Это была первая и последняя весточка от отца с фронта, но тогда они не знали об этом...
Прокормить девятерых детей матери оказалось невозможно. Очень сильно недоедали, иногда не ели по три дня. Не дожив до шести лет, одна за другой в течение недели умерли две сестрёнки: Тася и Маня.
Мать вставала в пять часов утра и наказывала детям постарше, чтобы не брали чужого, не попрошайничали, по возможности помогали другим и смотрели друг за дружкой.
Каждое утро мать варила чугунок картошки, свёклы или моркови.
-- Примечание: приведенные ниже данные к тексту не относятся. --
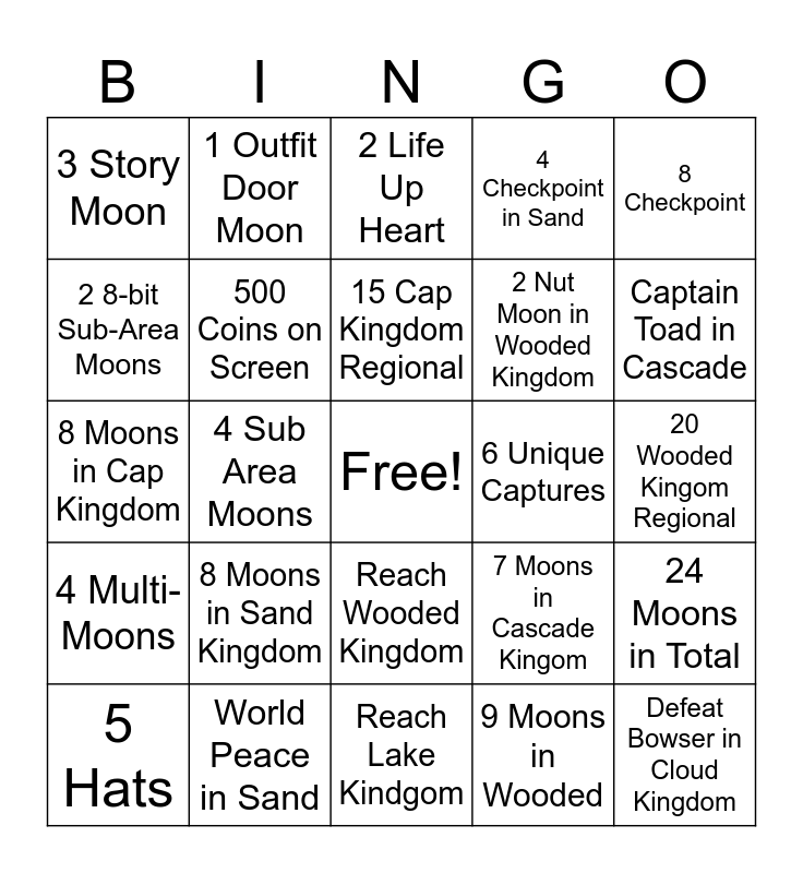 This bingo card has a free space and 25 words: 8 Moons in Sand Kingdom, Reach Lake Kindgom, 15 Cap Kingdom Regional, 5 Hats, 8 Checkpoint, 3 Story Moon, 2 8-bit Sub-Area Moons, 1 Outfit Door Moon, 6 Unique Captures, Reach Wooded Kingdom, 2 Nut Moon in Wooded Kingdom, 8 Moons in Cap Kingdom, 7 Moons in Cascade Kingom, 24 Moons in Total, 500 Coins on Screen, 3 Broodals, 20 Wooded Kingom Regional, 2 Life Up Heart, Captain Toad in Cascade, 4 Sub Area Moons, Defeat Bowser in Cloud Kingdom, World Peace in Sand, 4 Multi-Moons, 4 Checkpoint in Sand and 9 Moons in Wooded.

Варёную картошку она высыпала на стол. Покушав, дети ежедневно отмывали и натирали стол до желтизны. Для этого брали песок и с помощью железной щетки чистили его.
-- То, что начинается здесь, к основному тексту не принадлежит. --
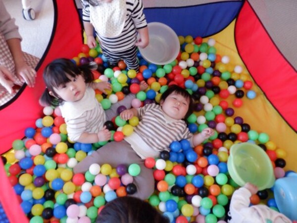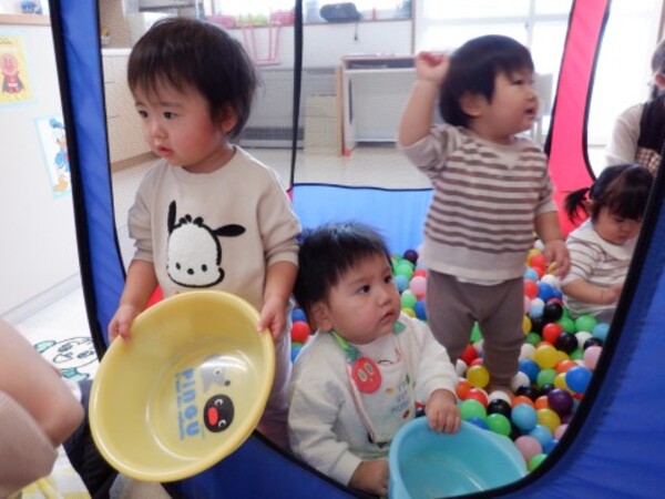 | 12月18日 木曜日 ももさん お部屋でボールプール遊び! ももさん 大好きな遊びだよ〜 ボール投げて!投げて! 見て見て落ちてくるよ〜 桶にボールを入れたり ポーンと飛ばしてみたよ プールの中で寝転んじゃった♡ たのしかったね |

В трёх километрах от Кармановки находилась точка с политзаключенными – Сиблаг. Ежедневно Лида с братьями ходила туда, обменивали варёные овощи на похлёбку, хлеб (объедки). Но были рады и этому.
Еды постоянно недоставало, в животе урчало. Особенно приходилось тяжело зимой.
Весна... Как только появлялись проталины, дети шли на колхозные поля собирать оставшийся с осени картофель.
Сапоги на них были большого размера, им их дядька отдал. Боясь оставить их в грязи, снимали и несли в руках.
Копаясь в грязи, они собирали гнилую, замёрзшую картошку.
Но вот едет объездчик. Увидав детей, подъезжает и приказывает им высыпать картофель ему в телегу. "Мы плачем, говорим, что есть нечего, но что ему до наших слёз... Только отъедет подальше, мы начинаем заново собирать.
Дома шкурку обдерём, натрём на терке, а мама сделает лепёшки.
Бывало, брат Фёдор обманывал нас.
- Вон ворона летит! Мы отвлечёмся, а он хвать и съест лепёшки.
Иногда приходили с пустыми руками, а мама нас успокаивала: «Не плачьте, бог все видит! Значит, ему это нужнее».
Нашей семье, как и всем другим, давали план по доставке табака на фронт. Выделенный гектар засеивали.
Всё лето на конях возили из реки воду в бочках для полива. Один черпает воду ведром, а другой принимает. Приедем на поле, начерпаем из бочки ведром воду, поливаем каждый кустик.
Пасынкуем, обрываем цветы, просушиваем, связываем в пучки.
Недалеко от сушилки ставим навесы, на шесты вешаем сушить. Измельчаем на специальной машинке, ссыпаем в мешки.
Приезжала машина из Новосибирска. Приёмщик внимательно осматривал табак и менял его на сахар.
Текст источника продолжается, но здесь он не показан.